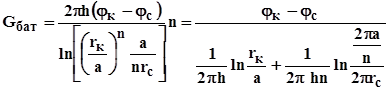 Определим дебит батареи умножив формулу (4.25) на число скважин в батареи n
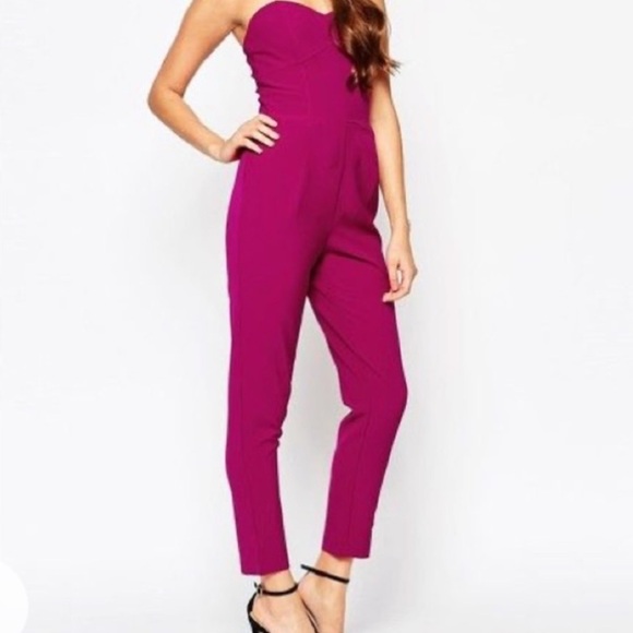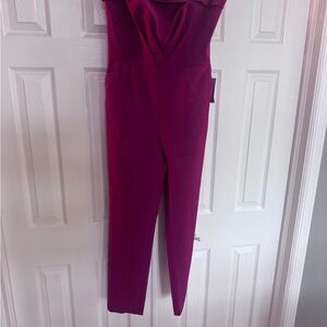 Chic strapless design. Sweetheart neckline. Maroon pink color. Perfect for any event when you want to wear something other than a dress! Love that it has pockets! Very chic!
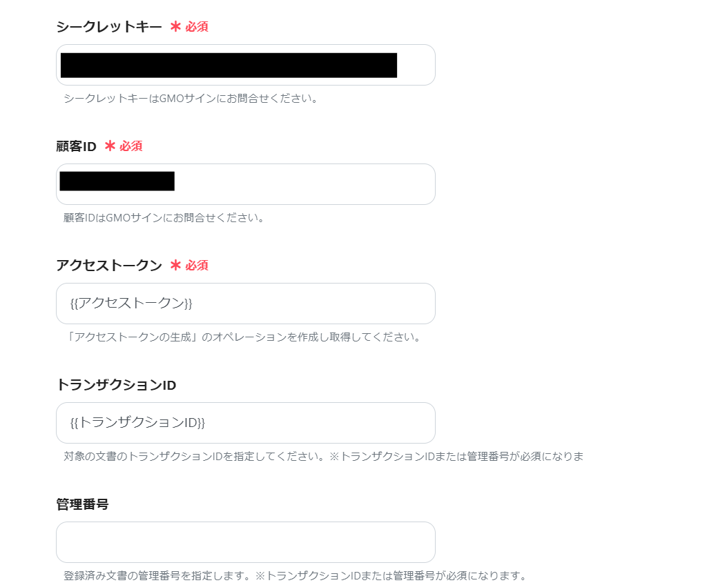 アクセストークンとトランザクションIDは先に連携した内容のため、候補から選択できます。
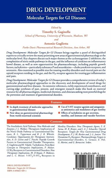 The application of molecular techniques to gastroenterology continues to yield important advances in the development of drugs to treat gastrointestinal disorders. Important new drugs have emerged through the collaborative and complementary efforts of basic scientists, clinicians, and clinical researchers in academia and the pharmaceutical industry. The challenge has been exciting, with a few surprises along the way. Consider peptic ulcer disease as an example. The discovery of H receptors and the availability of potent and 2 selective H-receptor antagonists signaled the beginning of a new era 2 in the treatment of gastric hypersecretory states and peptic ulcers. Introduction of proton pump inhibitors offered another therapeutic option. Though H-receptor antagonists and proton pump inhibitors 2 are important and useful drugs, the discovery of the link between H. pylori infection and peptic ulcer disease has led to even more effective pharmacotherapeutic regimens. Our intent in Drug Development: Molecular Targets for GI Diseases is to bring together hands-on experts to review promising areas of gastrointestinal pharmacology. The contemporary topics covered, from a mechanistic viewpoint, are relevant to gastrointestinal inflammation and motility disorders. Authoritative opinions are offered on both future research directions and potential applications for new therapies.
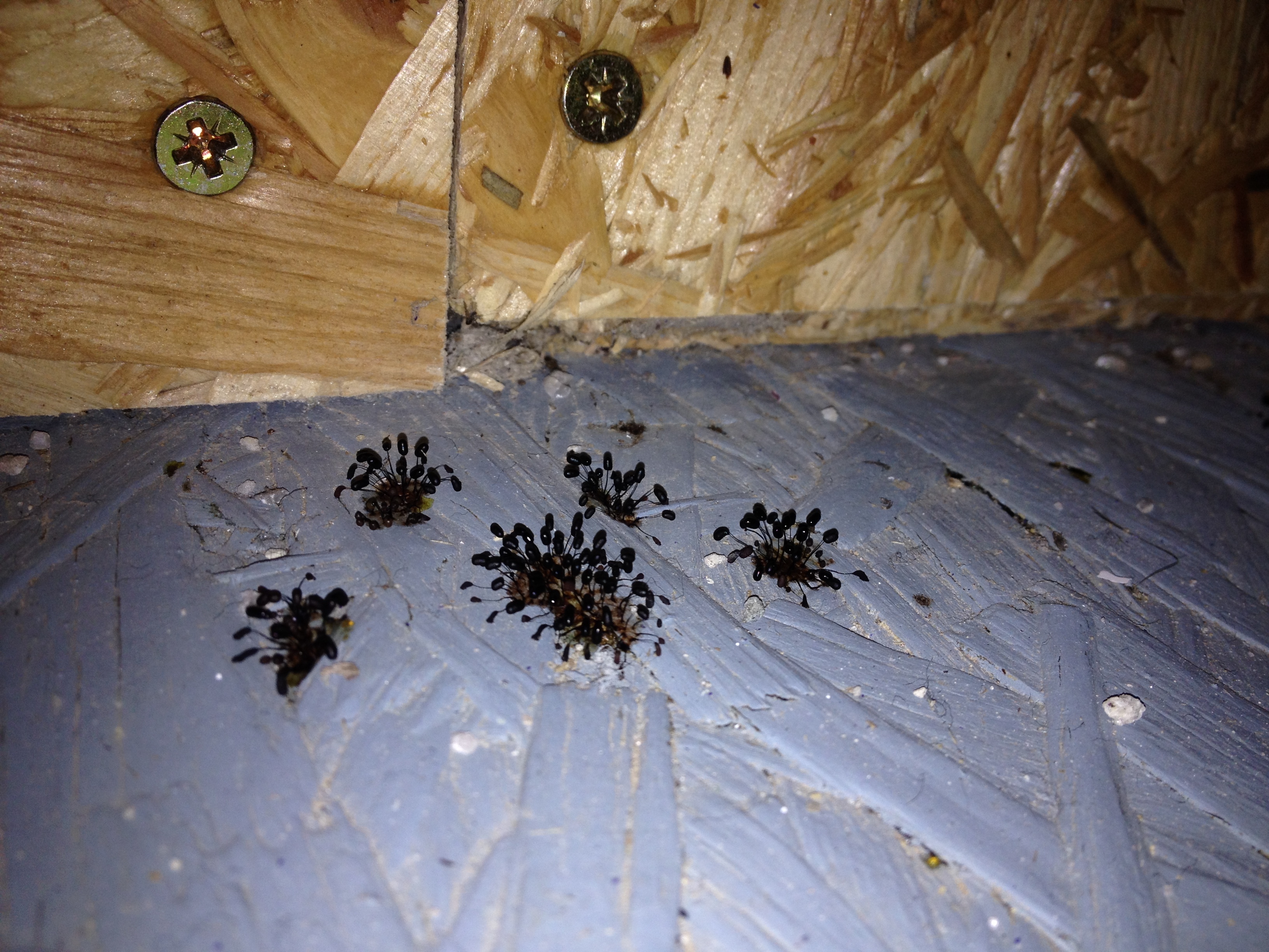 bitte siehe foto anbei. das wächst an mehreren stellen aus dem boden meines geräteschuppens. der boden ist wie man sieht aus holz (osb-platte) und trocken. hab sowas noch nie gesehen.
^^^^^^^^
### The problem
The lines from the one containing "アクセストークンとトランザク" through the final line of the data are to be repeated exactly, with both ends included and all pictures left out.

### Response to the exercise
 アクセストークンとトランザクションIDは先に連携した内容のため、候補から選択できます。
 The application of molecular techniques to gastroenterology continues to yield important advances in the development of drugs to treat gastrointestinal disorders. Important new drugs have emerged through the collaborative and complementary efforts of basic scientists, clinicians, and clinical researchers in academia and the pharmaceutical industry. The challenge has been exciting, with a few surprises along the way. Consider peptic ulcer disease as an example. The discovery of H receptors and the availability of potent and 2 selective H-receptor antagonists signaled the beginning of a new era 2 in the treatment of gastric hypersecretory states and peptic ulcers. Introduction of proton pump inhibitors offered another therapeutic option. Though H-receptor antagonists and proton pump inhibitors 2 are important and useful drugs, the discovery of the link between H. pylori infection and peptic ulcer disease has led to even more effective pharmacotherapeutic regimens. Our intent in Drug Development: Molecular Targets for GI Diseases is to bring together hands-on experts to review promising areas of gastrointestinal pharmacology. The contemporary topics covered, from a mechanistic viewpoint, are relevant to gastrointestinal inflammation and motility disorders. Authoritative opinions are offered on both future research directions and potential applications for new therapies.
 bitte siehe foto anbei. das wächst an mehreren stellen aus dem boden meines geräteschuppens. der boden ist wie man sieht aus holz (osb-platte) und trocken. hab sowas noch nie gesehen.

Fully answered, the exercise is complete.